I have seen joy in unlikely people and places. Not long ago, when the city pool where I swim was undergoing renovation of its locker rooms, the city had port-a-potties installed, and I remember several mornings leaving the pool as the guy whose job it was to service the port-a-potties was about his work. And he was joyous, in how he greeted people and how he acted. Cleaning port-a-potties before dawn. One of the people who runs the front desk at that pool is far happier than anyone should be expected to be at that early hour, anywhere, much less working a front desk. “Peace and love,” she shouts with a smile to you as you leave. They choose the joy they were made for.
About 20 years ago, I was working at a small university in Mississippi as the sports information director and de facto public affairs officer for the school. One of the things I did was send a weekly email to everyone on campus about what sporting events were coming up. I remember one time, after seeing the school’s theater group put on a show, I put this reflection into my weekly e-mail (paraphrased; my record-keeping is worse than my memory):
There are lots of reasons to go to a sporting event or to a live musical performance, and there are lots of reasons not to. Go to one this week though, for this reason. What I saw at the show last week that grabbed my attention more than the songs themselves was the look on the faces of the performers. They said, not with their words but with the way they performed, that they had done everything they could to prepare for their role, they knew they had the talent to do it well, and they knew they were on the top of their game.

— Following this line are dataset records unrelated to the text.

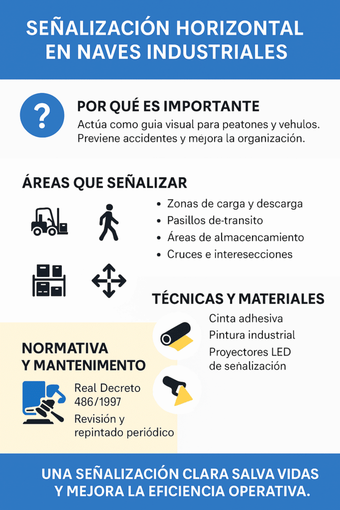 En conclusión, la señalización horizontal en naves industriales y centros logísticos no solo es una medida de seguridad fundamental, sino también una herramienta esencial para la optimización de operaciones y la mejora de la eficiencia.
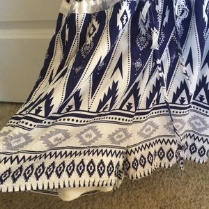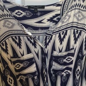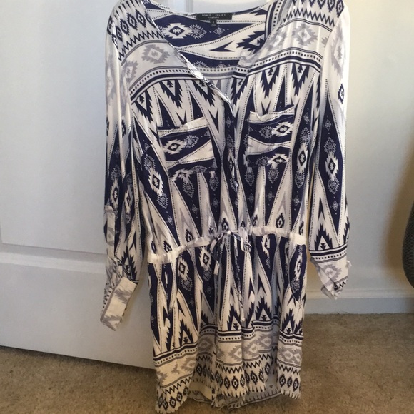 Blue and white patterned romper size small. Never worn. Washed once. Shorts and Long sleeves can be cuffed.
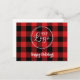 Change the fiery lava red background colour to create your own buffalo plaid logo holiday cards for customers.

I recognized that look, because I see it in our athletes in the midst of competitioon.That look of joy is one you only really see in theater and sports. But it does us good to get to witness it. Maybe it will rub off, even.
One of the things that makes The Greatest Showman attractive is the joy with which the performers deliver it. The songs certainly have the energy to set them up for that, and the storyline is joyful even despite the challenges characters face. Since the actors are playing performers, they have not only the freedom but the mandate to depict the joy of performing as an expression of the best possible versions of themselves.
Making movies is, I bet, pretty soul-sucking, tedious work. I spent an entire 8-hour day once filming a 30-second commercial, and I was ready to crawl into a hole at the end of that day. But there are a couple of videos released by 20th Century Fox in promotion of the movie that show the joy-behind-the-joy.
Look at this one. Focus on the guy who stands up to sing the second verse, just as an example.
Do something that makes you feel like it looks like that guy feels.
Here’s another great one. I like the woman who looks like she’s standing on a table belting it out, but when Benj Pasek high-fives Hugh Jackman, you see the joy of someone who knows he’s birthed a project that’s going to get green-lit.
What faith brings to this discussion is this: We make the claim that the highest joy you can feel, the best-possible-best-possible-version-of-yourself, is in fulfilling the role God has in mind for you to love Him and the people he puts in your path as much as you possibly can, and use what gifts you’ve been given to their fullest. What we say we believe is that there are lots of other ways to be joyful, and they are wonderful, but they exist to give us a hint of a more perfect joy that comes from soaking in the love of the divine Lover.
We say that we believe that. It’s pretty rare that we live that way, though. Instead, we spend a lot of time talking down the lesser joys, pooh-poohing and tsk-tsking silliness rather than offering an even more joyful presence to the world.
It would be great, instead, if we worked on choosing the joy before us and striving for the joy we were made for.